Copy out exactly the lines from the one containing "IMG_1436.jpg- Overview of" to the last line of the records below, both included, and leave out any pictures.

"""

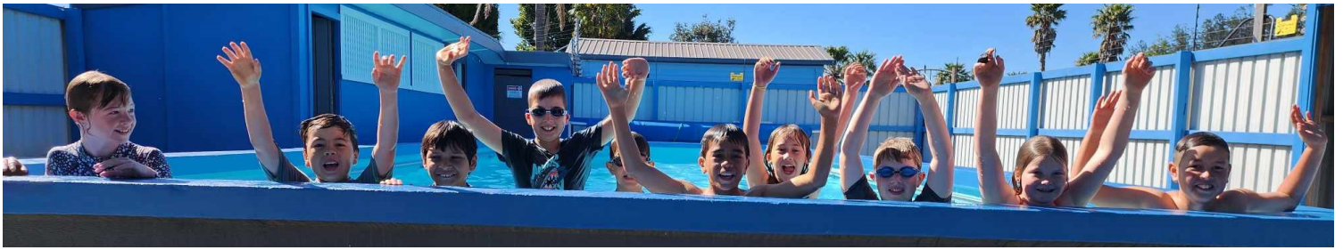
Yah!!! The pool is open for swimming!
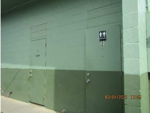
IMG_1436.jpg- Overview of the two restrooms located on the west side of the former service station building.
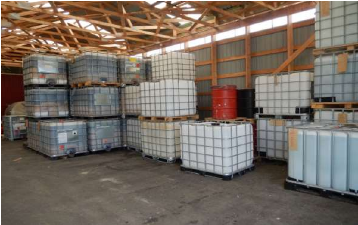
Figure 1. Energy overview of Itikan tila by E-farm 3 Karelia university of Applied Sciences

In addition to the mentioned energy production units, the Itika farm also has a production facility for briquettes. The briquette production uses straws, saw milling residues (cutter shavings and saw dust) from the local wood processing industry and residues of the seed production. The produced briquettes are being burned in the nearby municipal district heating plant in Maaninka.
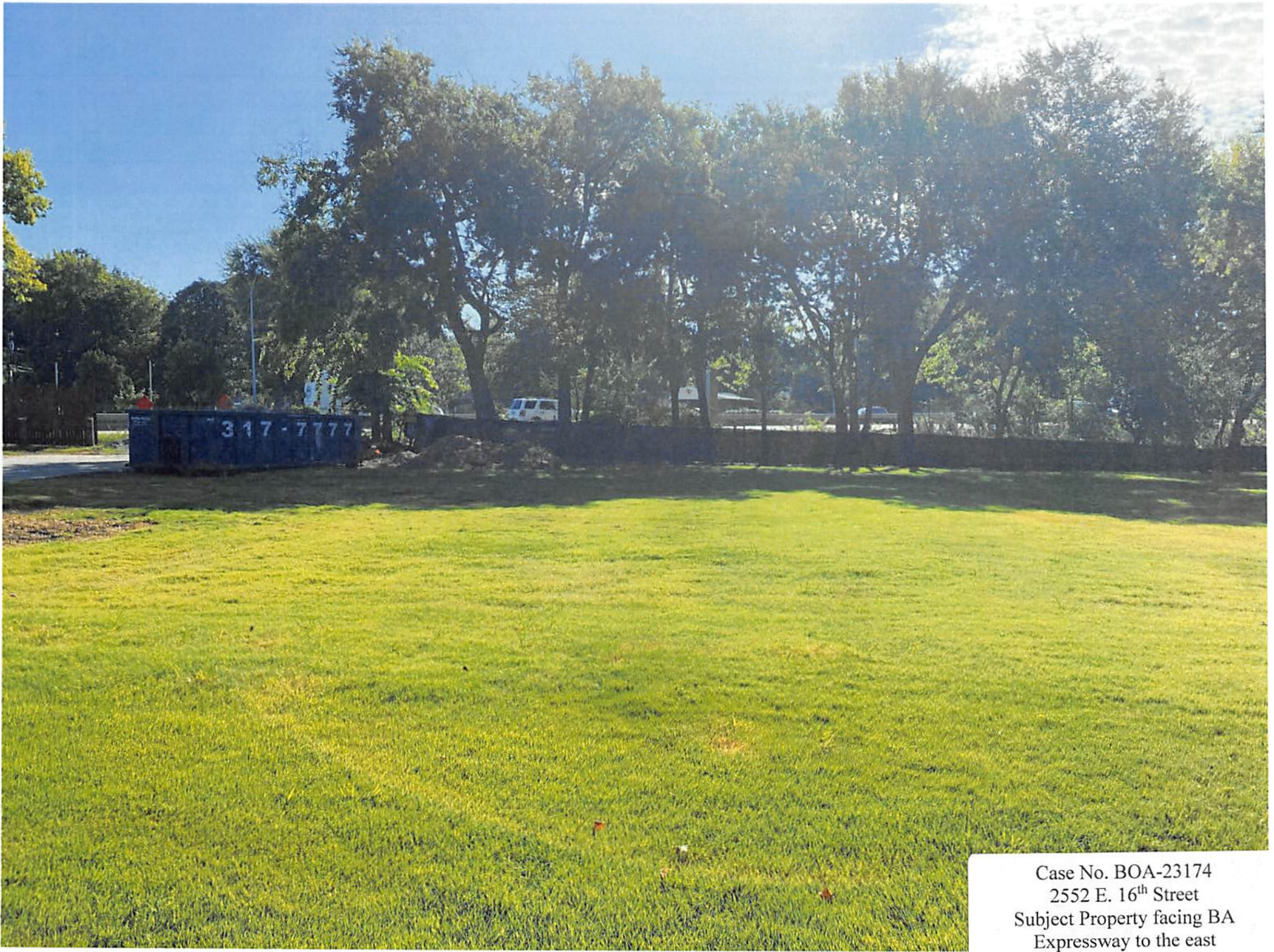
Case No. BOA-23174 2552 E. 16 th Street Subject Property facing BA Expressway to the east

"""

» **EXERCISE ANSWER**:
IMG_1436.jpg- Overview of the two restrooms located on the west side of the former service station building.
Figure 1. Energy overview of Itikan tila by E-farm 3 Karelia university of Applied Sciences

In addition to the mentioned energy production units, the Itika farm also has a production facility for briquettes. The briquette production uses straws, saw milling residues (cutter shavings and saw dust) from the local wood processing industry and residues of the seed production. The produced briquettes are being burned in the nearby municipal district heating plant in Maaninka.
Case No. BOA-23174 2552 E. 16 th Street Subject Property facing BA Expressway to the east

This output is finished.